The Numbing

     I wrote not long ago about the fraying of the norms that bind Americans together as a coherent society. That process is been going on for long time now, and has almost reached the level necessary for complete social collapse. However, while the fraying of our norms is necessary for collapse, it is not sufficient to bring it about. Another process, operating in parallel to the fraying, is joined to it in the effort to destabilize us. Together they just might do the trick.

***

     A significant array of considerations, influences, and forces act upon the typical American’s consciousness each day. Some of these are matters of necessity. Others arise from our routines; Those in a third group have little or nothing to do with our conscious choices. In aggregate, they induce individuals to perform mental context switching — i.e., leaving one chore temporarily behind to attend to another one – more frequently and therefore faster than ever before in the history of civilization.

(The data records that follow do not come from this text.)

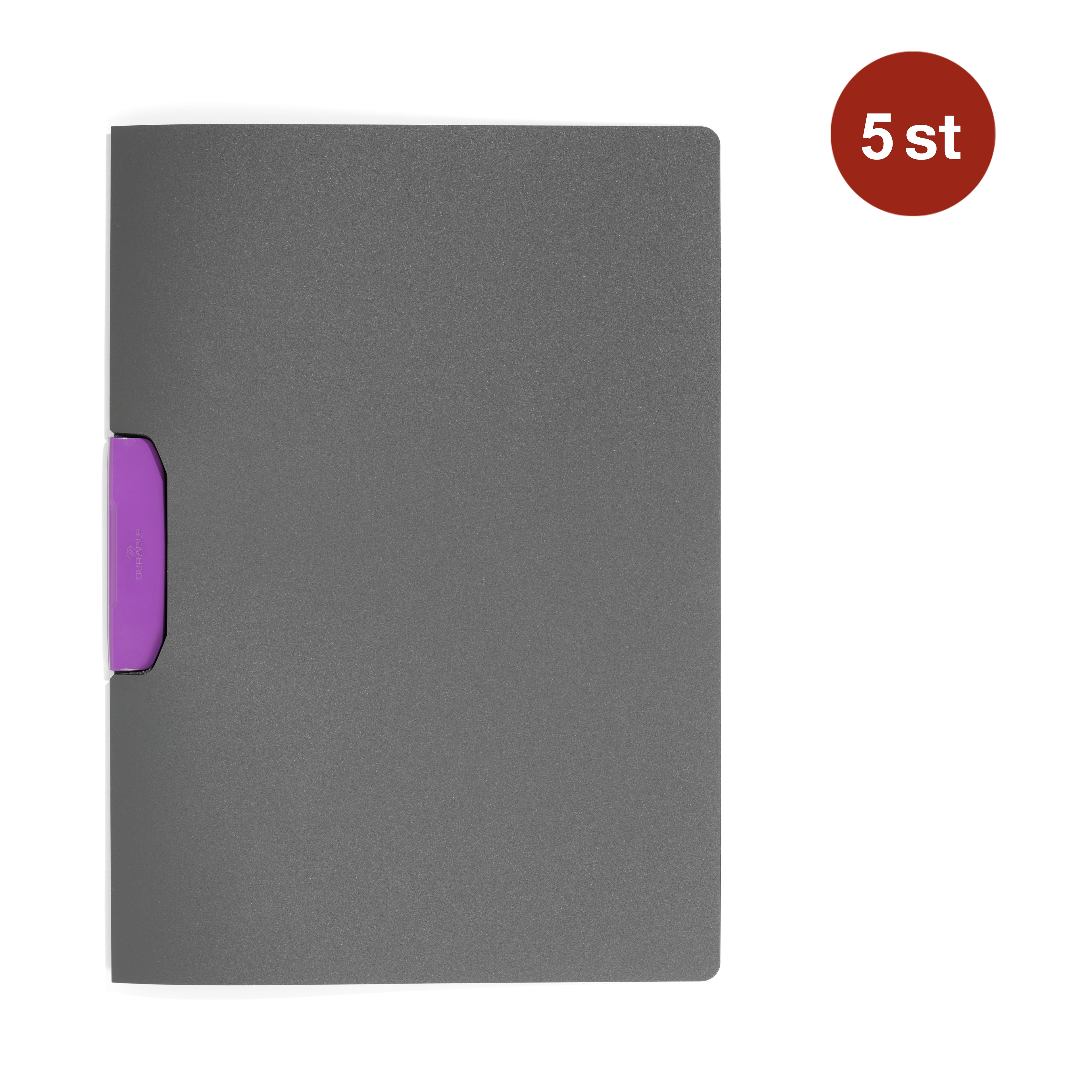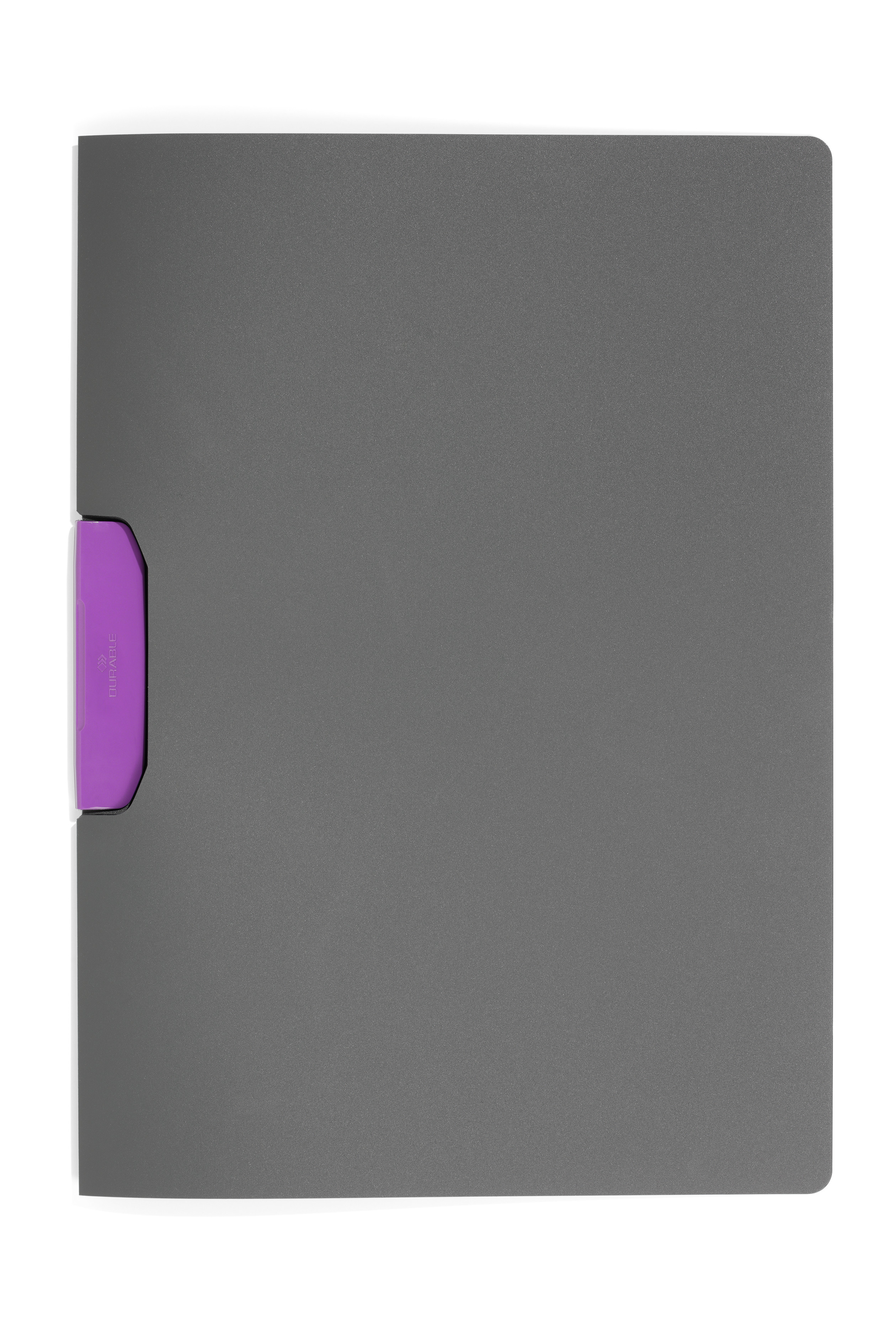 Klämmapp från Durable i serien Duraswing Color, tillverkad av ogenomskinlig polypropenfolie i antracitfärg och utrustad med en sidomonterad vridbar plastklämma i VARICOLOR®-färger. Den håller upp till 30 ark säkert på plats utan behov av hålslagning och är idealisk för offerter, möteshandlingar och utbildningsmaterial i A4-format.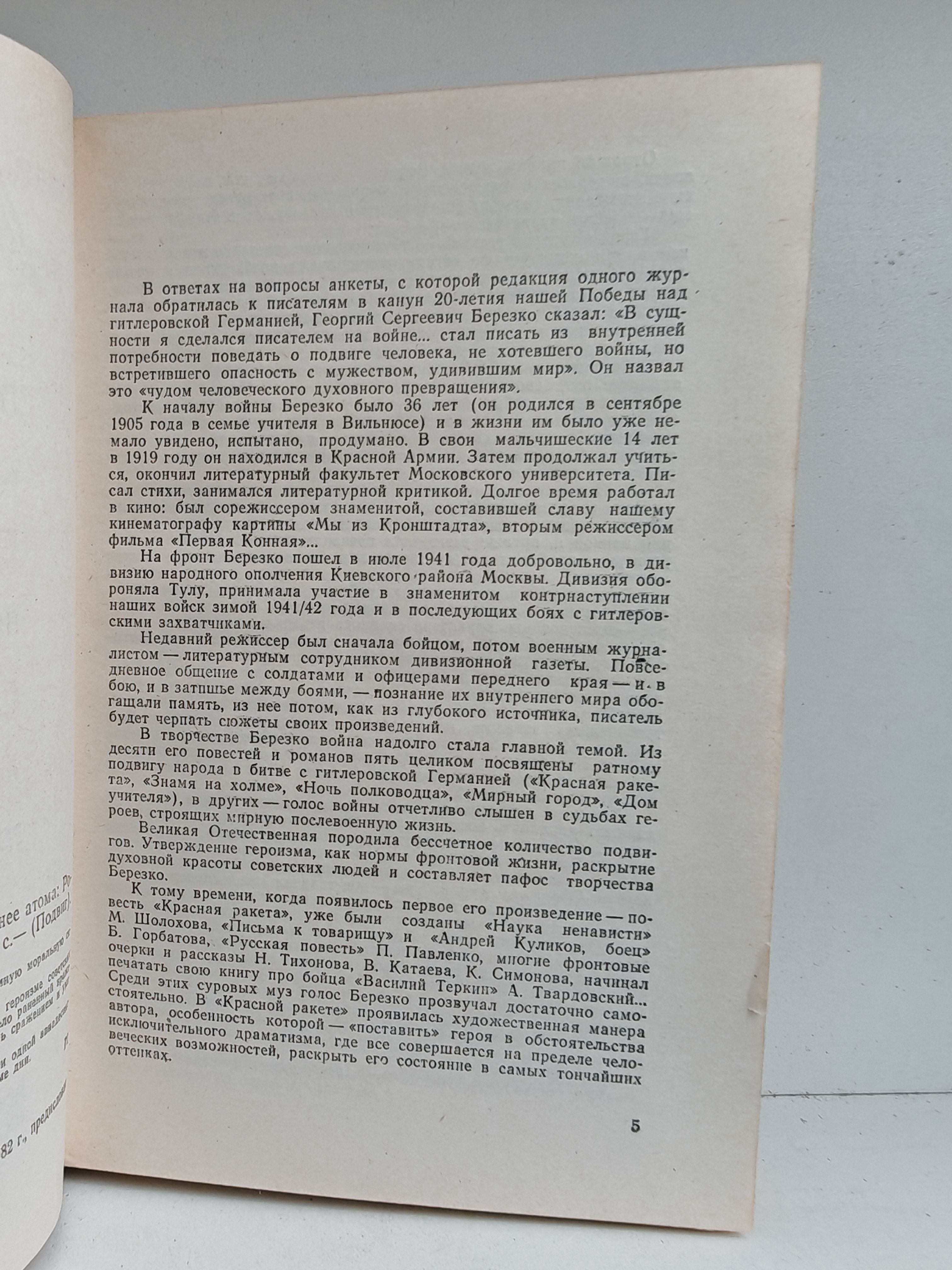 В своих произведениях автор показывает огромную моральную силу Советской Армии — оплота мира. Повесть «Ночь полководца» — о мужестве и героизме советских воинов в годы Великой Отечественной войны. Тяжело раненный вражеской пулей генерал Рябинин продолжает руководить сражением и умирает на боевом посту. В романе «Сильнее атома» рассказано о жизни одной авиадесантной дивизии, службе и быте парашютистов в мирные дни.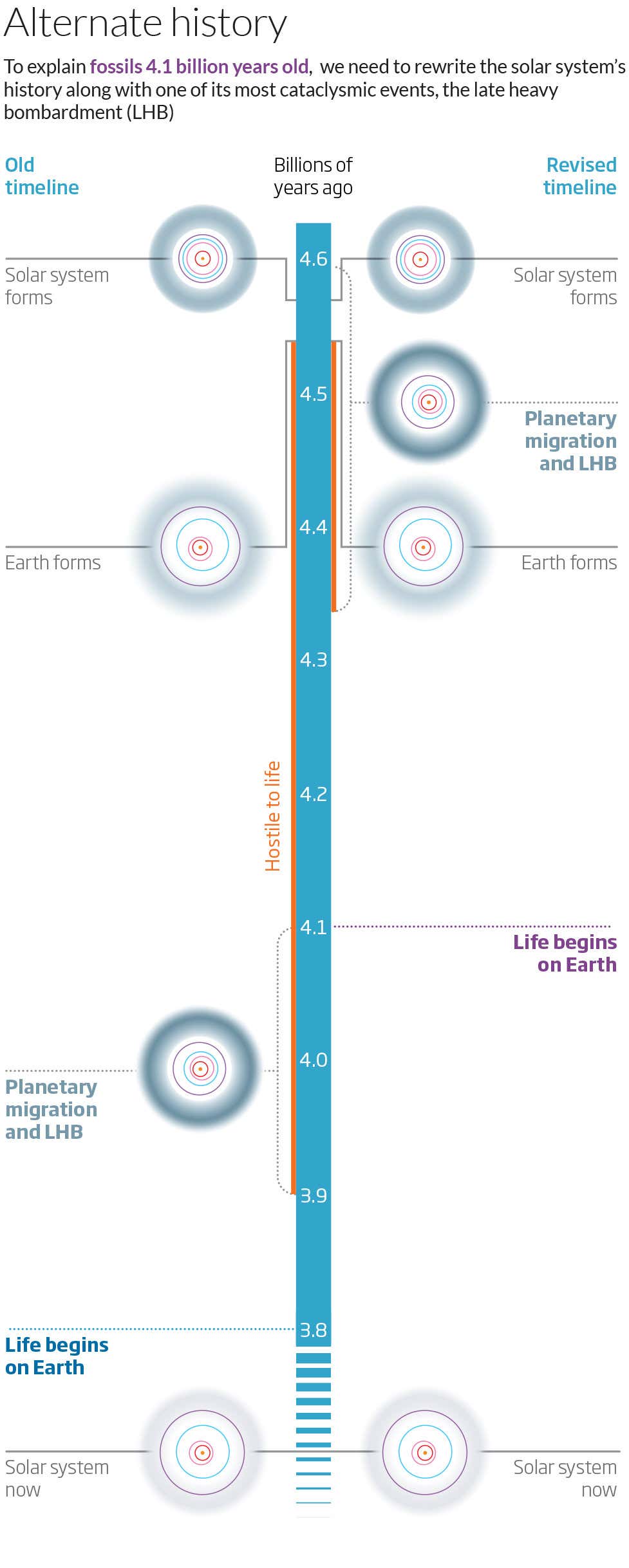 What’s more, these first living organisms would date from a time before our planet was thought capable of harbouring any life at all. In these early years, Earth was supposedly a molten hellhole racked by volcanism and bombarded by space debris, zinging around a solar system yet to find inner peace. If Harrison’s fossils are all they seem, they wouldn’t only rewrite the history of life and Earth – but the entire solar system’s as well.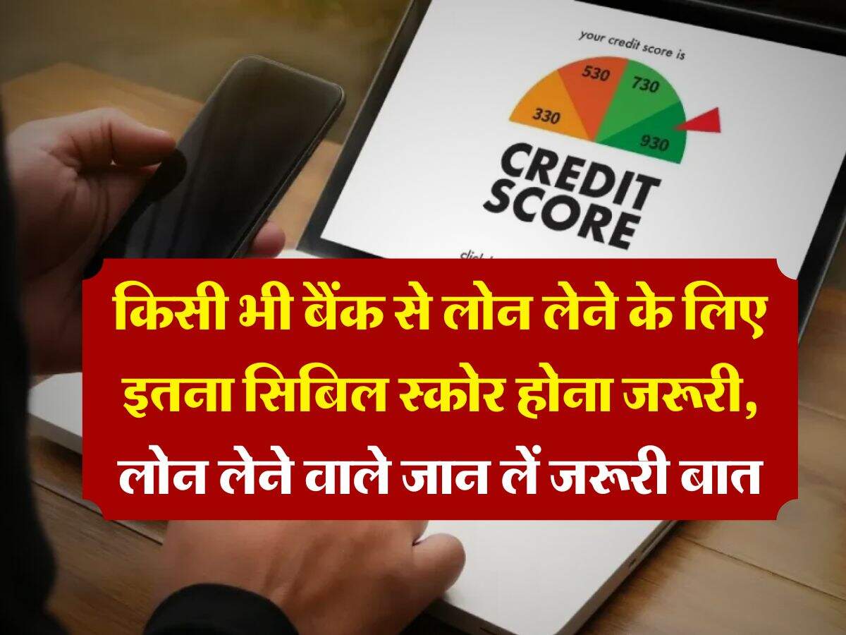 CIBIL Score : किसी भी बैंक से लोन लेने के लिए इतना सिबिल स्कोर होना जरूरी, लोन लेने वाले जान लें जरूरी बात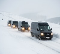 four black mercedes benz sprinter vans parked in front of snowy mountains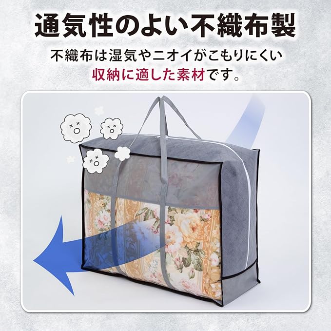 通気性が良くホコリを通しにくい生地のため、衣類や寝具の収納に適しています。
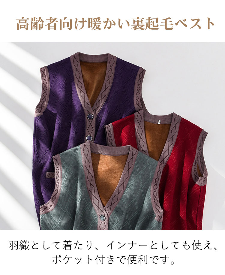 シニアファッション レディース 婦人 トップス ベスト 豊富 グリーン チリアンパープル パープル ボルド ワインレッド XL 2XL 3XL 4XL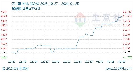 1月25日,生意社乙二醇基准价为4536.67元/吨,与本月初(4307.50元/吨)相比,上涨了5.32%。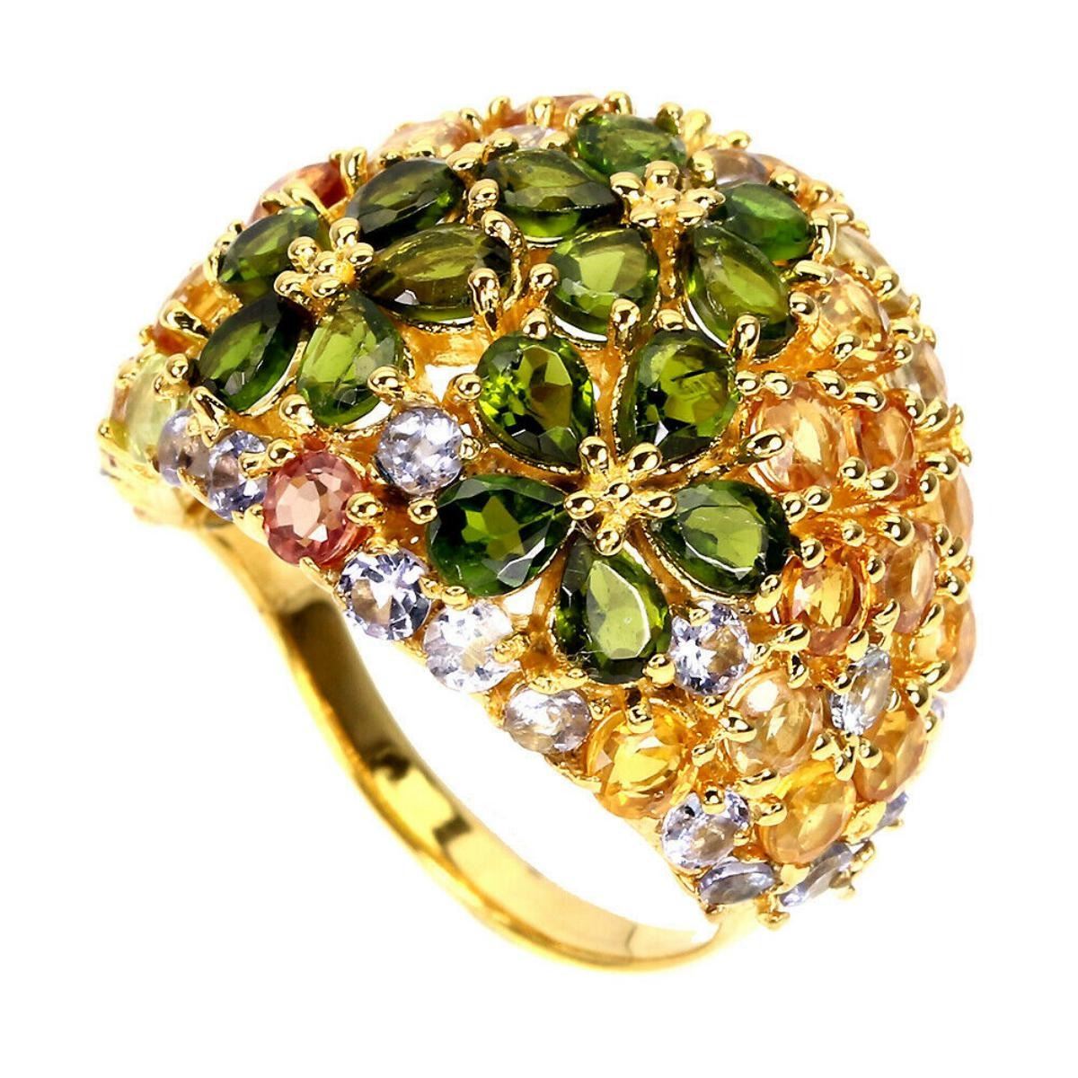 925 STERLING SILVER;PLATE14K YELLOW GOLD;RING SIZE/Resizeable-8.5;MAIN STONE-CHROME DIOPSIDE;OTHER GEMS-AQUAMARINE, SAPPHIRE, TANZANITE;TOTAL WEIGHT-8.52 GRAM (TOTAL WEIGHT OF SILVER + STONE)DIMENSION-* STONE 2.0 TO 4.0 X 3.0 MM. * RING SIZE 8.5 * FACE RING- 25.0 X 20.0 MM.;MAIN STONE SHAPE-PEAR CUT;MAIN STONE COLOR-TOP RICH GREEN;CLARITY/GRADE-IF TO VVS;LUSTER-GORGEOUS;TREATMENT-UNHEATED;ORIGIN-RUSSIA;HARDNESS-5;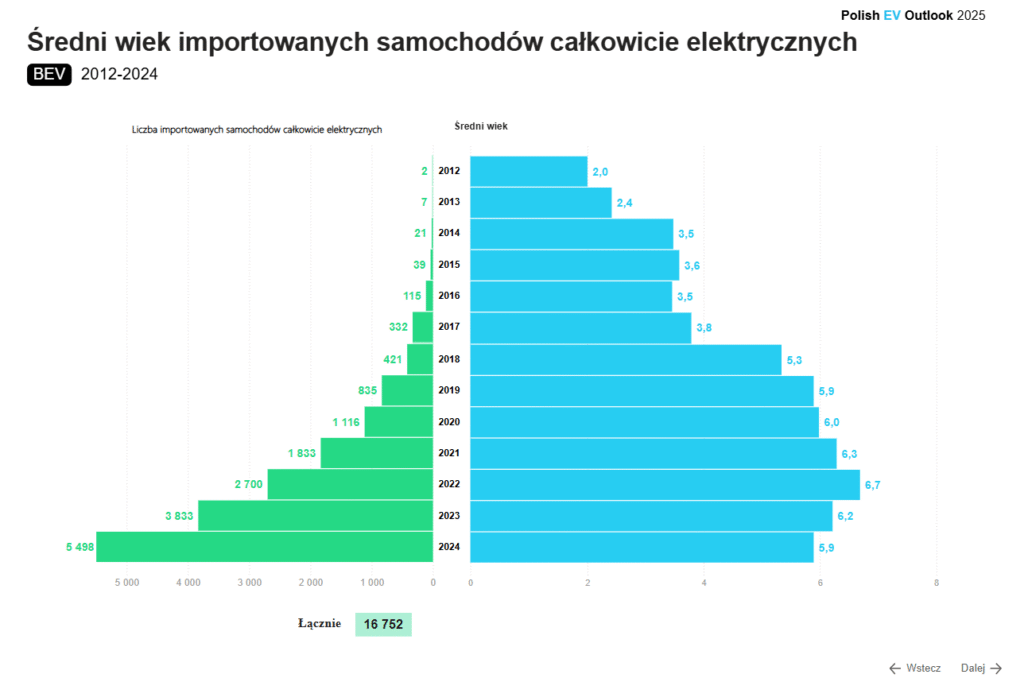 Średni wiek używanych BEV (dane Polish EV Outlook 2025) sprowadzanych do Polski w 2024 roku, to zaledwie ok. 6 lat (wykres powyżej), podczas gdy przeciętny importowany samochód spalinowy ma około 13 lat – to klarowny dowód, że importerzy i nabywcy BEV stawiają na nowsze pojazdy o mniejszym stopniu zużycia technologii bateryjnej.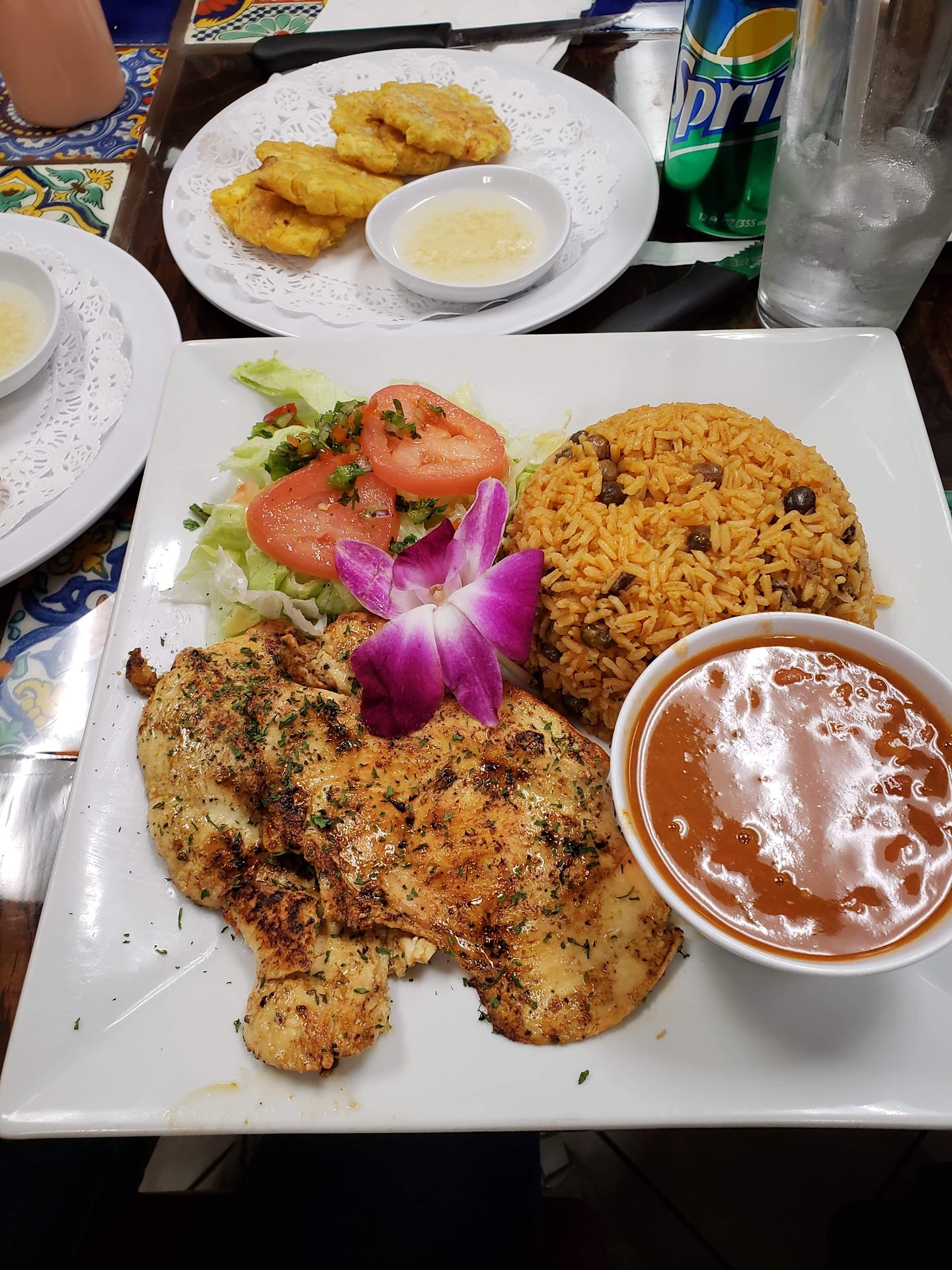 Read moreI was looking forward to come here. I even told my team of 18 about this place. I decided to go this evening on a “Scout mission” and try it out. It was a mistake. Arrived at 6:20 pm. I was Asked to sit between two industrial size fans. I brought my one year old with me. They had a high chair. The waiter was nice but not great. I sat with the same almost empty glass of water for 45 mins. I ordered a garlic chicken breast with rice/beans and ripped plantains. A fairly simple dish that doesn’t take long to cook. I asked for an update 40 minutes in as there were only two other tables (4 people) ahead of me. Meanwhile, there is very little going on, the place only had four other filled tables. I was about to leave as my baby looked so hungry. 45 minutes later got my dinner without the fried plantains. It took another 5 minutes for it to be ready (no skills necessary, just fry them but came out burned anyways sigh). Chicken breast was chewy, the beans/rice was good. I fed my kid and went to pay as I didn’t want to have to wait for the waiter for what now feels like an eternity. Again, nice people. Cashier asked me about the service after she noticed I only left 15% tip. I told her it was slow. She said “the kitchen was busy”. I mean...I was there the hole time and there was only two orders in front of me. Don’t buy it.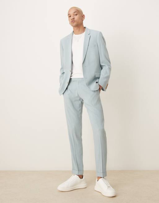 ASOS DESIGN skinny suit trousers with linen in light blue microtexture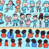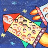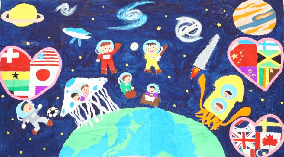 子どもたちが宇宙で勉強したり遊んだりスポーツをしたりみんな仲良く生活ができどこの国も平和で仲良く過ごせますように願いを込めました。

     Trust an old system software engineer to know about context switching and its hazards. It’s the blessing and the curse of contemporary operating system design. Computers today must handle more needs faster than any previous generation. Nor is the trend likely to be reversed any time soon. In consequence, multitasking architectures are now ubiquitous even in the designs of the smallest microprocessor-based systems. But that has elevated consideration of the problems that arise from a multitasking design. One of those is called thrashing.

     A system afflicted with thrashing is switching contexts so frequently that it’s unable to attend adequately to “real work.” Needless to say, this is an undesirable condition. It usually occurs in “underpowered” systems: i.e., those that lack adequately fast processors or sufficient memory. However, any system, regardless of the speed of its CPU and the copiousness of its memory, can suffer thrashing if external conditions become perverse. For example, a sufficient frequency of device interrupts will do it. Whatever the cause, the effect is massively undesirable.

     However, computer systems have an advantage over the human brain: no matter how severely they thrash, they don’t get numb. Subject a human to a sufficiently sustained, sufficiently rapid series of interruptions, each of which demands that he switch his attention from this to that, and he’ll shut down…blank out…cease to perform any task that requires attention coupled with rationality. This is what I mean by the numbing.

***

     In many ways, contemporary technology is a great boon. I’m sure I need not detail the reasons for the Gentle Readers of Liberty’s Torch. Yet it also makes possible the bombardment of our senses with a series of interruptions – demands that we “context switch” – that can rise high enough to overwhelm us. Some, under such a barrage, cease to function at all. These may wind up in places where others will attend to their necessities for them. The rest of us aren’t so lucky.

     Remember this classic soliloquy from one of the great movies of the Seventies?

     I don’t have to tell you things are bad. Everybody knows things are bad. It’s a depression. Everybody’s out of work or scared of losing their job. The dollar buys a nickel’s worth, banks are going bust, shopkeepers keep a gun under the counter. Punks are running wild in the street and there’s nobody anywhere who seems to know what to do, and there’s no end to it. We know the air is unfit to breathe and our food is unfit to eat, and we sit watching our TV’s while some local newscaster tells us that today we had fifteen homicides and sixty-three violent crimes, as if that’s the way it’s supposed to be.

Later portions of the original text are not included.